Salient excerpts and comments (emphasis added):
  1. Modern macroeconomics often seems to treat rapid and stable economic growth as the be-all and end-all of policy.”
    [This is the first sentence and it is already a false premise! Only Keynesians think that way. E.g. Austrian macroeconomists see it differently.]
  2. “But there might be a problem even deeper than statistical narrowness: the failure of modern growth theory to emphasize adequately that people are fundamentally social creatures.”
    [Why is he limiting himself artificially to examining economic growth theory?]
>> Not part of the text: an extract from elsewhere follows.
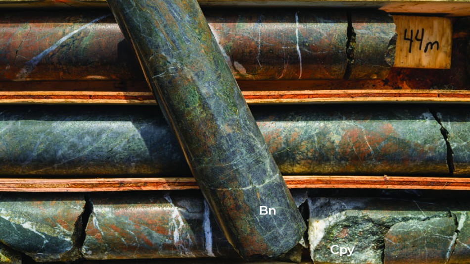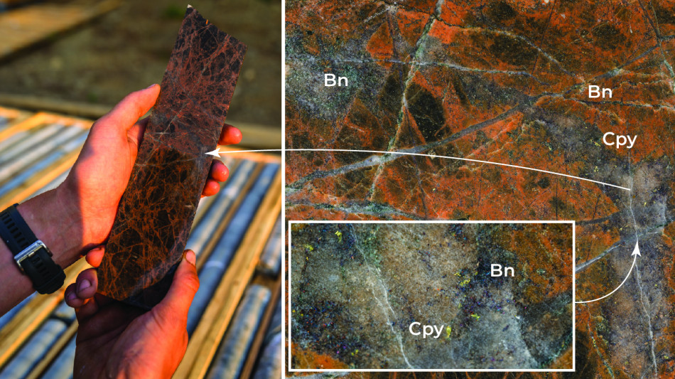 Figure 3: HW-25-008 - 315 m downhole - 0.68 % Cu, 0.94 g/t Au, & 4.0 g/t Ag (1.75 % CuEq ), (Bn = Bornite, Cpy = Chalcopyrite) Potassic alteration with copper sulfide mineralization

  3. “There is a certain absurdity to the obsession with maximizing long-term average income growth in perpetuity, to the neglect of other risks and considerations. Consider a simple thought experiment. Imagine that per capita national income (or some broader measure of welfare) is set to rise by 1% per year over the next couple of centuries. .... Now suppose that we lived in a much faster-growing economy, with per capita income rising at 2% annually. In that case, per capita income would double after only 35 years, and an eight-fold increase would take only a century. Finally, ask yourself how much you really care if it takes 100, 200, or even 1,000 years for welfare to increase eight-fold.
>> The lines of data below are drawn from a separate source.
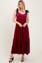Beige Linen Stripe Puff Sleeve Midi Dress
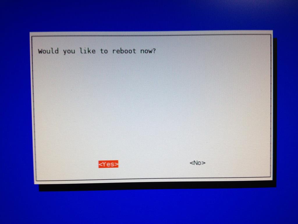 リブートするか聞いてきますので、<Yes>を選択
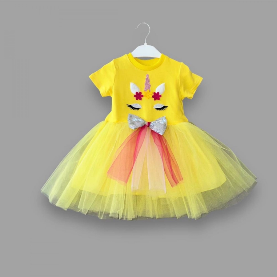 “1-2-3 Yaş Gökkuşağı Kuyruklu Payet Pony Nakışlı Kız Bebek Tütü Elbisesi Sarı” için yorum yapan ilk kişi siz olun

    [This is a par excellence blunder committed by an what seems to be a Keynesian economist. How did this man manage to become professor? Rogoff never understood that economic growth is an abstraction and to many economists, a meaningless aggregation. What really counts is the underlying economic activity that produces among other things better medical treatments, more life conveniences and so much more. Yes, it matters a lot if there is only sub par economic growth.]
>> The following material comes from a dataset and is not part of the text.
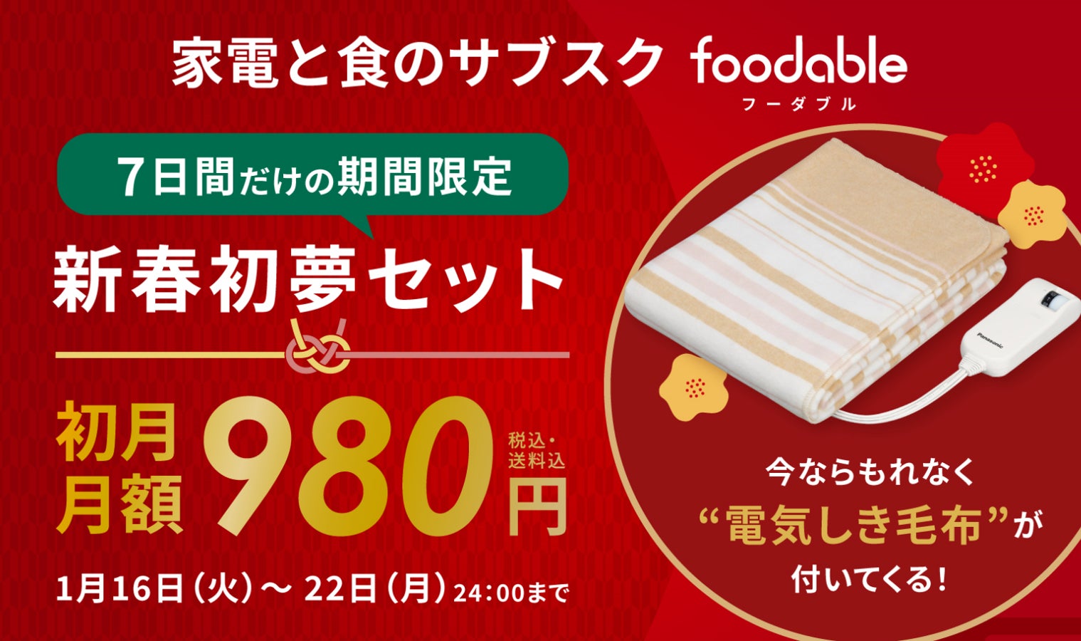 パナソニック株式会社(以下、パナソニック)は、家電と食のサブスクサービス「foodable(フーダブル)」にて、ポカポカ新春初夢セットを用意いたしました。調理家電、厳選食材に加え、電気しき毛布(シングルSサイズ DB-U12T)がついた特別セットは、初月月額980円(送料込み・税込み)で販売します。

  4. “Wouldn’t it make more sense to worry about the long-term sustainability and durability of global growth? Wouldn’t it make more sense to worry whether conflict or global warming might produce a catastrophe that derails society for centuries or more?”
  5. [Durability of economic growth?? Economic activity goes in business cycles, economic growth is not constant and it can be negative. In essence, this economist buys into the Global Warming hoax.]
  6. “Perhaps a deeper rationale underlying the growth imperative in many countries stems from concerns about national prestige and national security.”
    [Economics is not concerned with national prestige nor national security professor Rogoff!]


Student Beware


I would not spend too much money on studying economics from professor Kenneth Rogoff!